Есть писатели, такие как Конрад, Набоков, Найпол, которые, сменив язык и культуру, покинув свой народ, родину, континент и даже влившись в другую цивилизацию, с успехом продолжают писать. И я знаю, что если их творческие силы только крепли от изгнания или скитаний, то я как писатель сформировался именно благодаря этой неразрывной связи со своим домом, улицей, городом, видом из моего окна. Такая привязанность к Стамбулу накладывает на характер человека отпечаток судьбы этого города.

Флобер, побывавший в Стамбуле за сто два года до моего рождения, под впечатлением от его многолюдности и разнообразия написал в одном из своих писем, что он уверен: через сто лет Константинополю суждено стать столицей мира. Но Османская империя рухнула и исчезла с лица земли, и его предсказание сбылось с точностью до наоборот. Когда я родился, роль Стамбула в мире была наименее значительной за все две тысячи лет его существования, он переживал свои самые печальные дни слабости, нищеты, заброшенности и изоляции. Воспоминания о былом величии Османской империи, бедность и заполонившие город развалины, навевающие тоску, – вот с чем всю жизнь ассоциировался у меня Стамбул. И всю свою жизнь я пытался побороть эту тоску или же, как все стамбульцы, наконец сжиться с ней.

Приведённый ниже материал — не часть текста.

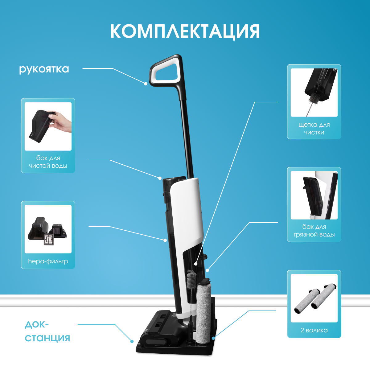 - Комплект поставкиБеспроводной пылесос - 1 шт; Док-станция - 1 шт; Приспособление для чистки прибора - 1 шт; HEPA-фильтр - 1 шт; Бак для грязной воды - 1 шт; Бак для чистой воды - 1 шт; Рукоятка - 1 шт; Инструкция

Любой человек, задумывающийся о смысле жизни, хотя бы раз задается вопросом о значении места и времени своего рождения. Почему я родился именно сейчас и именно в этом уголке мира? Справедливо ли, что мне, как лотерейный билет, выпали именно эти семья, страна, город, которые я должен был полюбить и в самом деле искренне полюбил? Порой я чувствую себя несчастным из-за того, что родился среди развалин и праха рухнувшей империи, в блекнущем и ветшающем от уныния, тоски и бедности Стамбуле. (Внутренний голос, впрочем, говорит, что на самом-то деле мне повезло.) Что касается материального положения, то иногда я думаю, что я счастливчик, поскольку родился в обеспеченной семье. (Бывает и так, что думаю наоборот.) Как правило, мне удается убедить себя в том, что нет смысла переживать по поводу своей внешности (эх, был бы я покрепче да посимпатичнее!) или пола (будь я женщиной, неприятностей от этого было бы не меньше). Это – моя судьба, и я понимаю, что Стамбул, город, в котором я родился и провел всю жизнь, тоже стал моей судьбой. Книга, которую вы держите в руках, – об этой судьбе.



Я родился в Стамбуле 7 июля 1952 года в маленькой частной клинике в районе Мода вскоре после полуночи. Коридоры клиники и мир вокруг нее были погружены в ночную тишину. На нашей планете, за исключением извержения неожиданно проснувшегося двумя днями ранее в Италии вулкана Стамболини, все было спокойно. Среди газетных заметок о воюющих в Северной Корее турецких солдатах появились не привлекшие особого внимания сообщения о том, что, по данным из американских источников, северяне, возможно, готовятся применить биологическое оружие. За несколько часов до моего рождения мама читала другие новости, вызвавшие у нее, как и у большинства жителей Стамбула, большой интерес, – новости о событиях, имевших место в нашем городе. Два дня тому назад, ночью, в районе Ланга при попытке проникнуть в дом через окно уборной был замечен вор-рецидивист в устрашающего вида маске. Сторожа и отважные студенты из Конийского общежития пустились за ним в погоню и в конце концов загнали на склад пиломатериалов. Там злоумышленник, покрыв полицейских напоследок отборной бранью, покончил жизнь самоубийством. А днем позже при опознании тела один торговец тканями узнал в нем бандита, который за год до этого средь бела дня совершил вооруженное нападение на его лавку в Харбийе. Мама читала эти новости в полном одиночестве, поскольку, как много позже она рассказала мне с некоторой обидой, отец, уложив ее в клинику, заскучал в ожидании родов и отправился повидаться с друзьями. Поздно вечером, перебравшись через садовую ограду, к ней в родильную палату пришла ее сестра, и больше никого из родственников рядом не было. Увидев меня в первый раз, мама подумала, что по сравнению с моим братом, родившимся двумя годами раньше, я выгляжу слабым, хрупким и худеньким.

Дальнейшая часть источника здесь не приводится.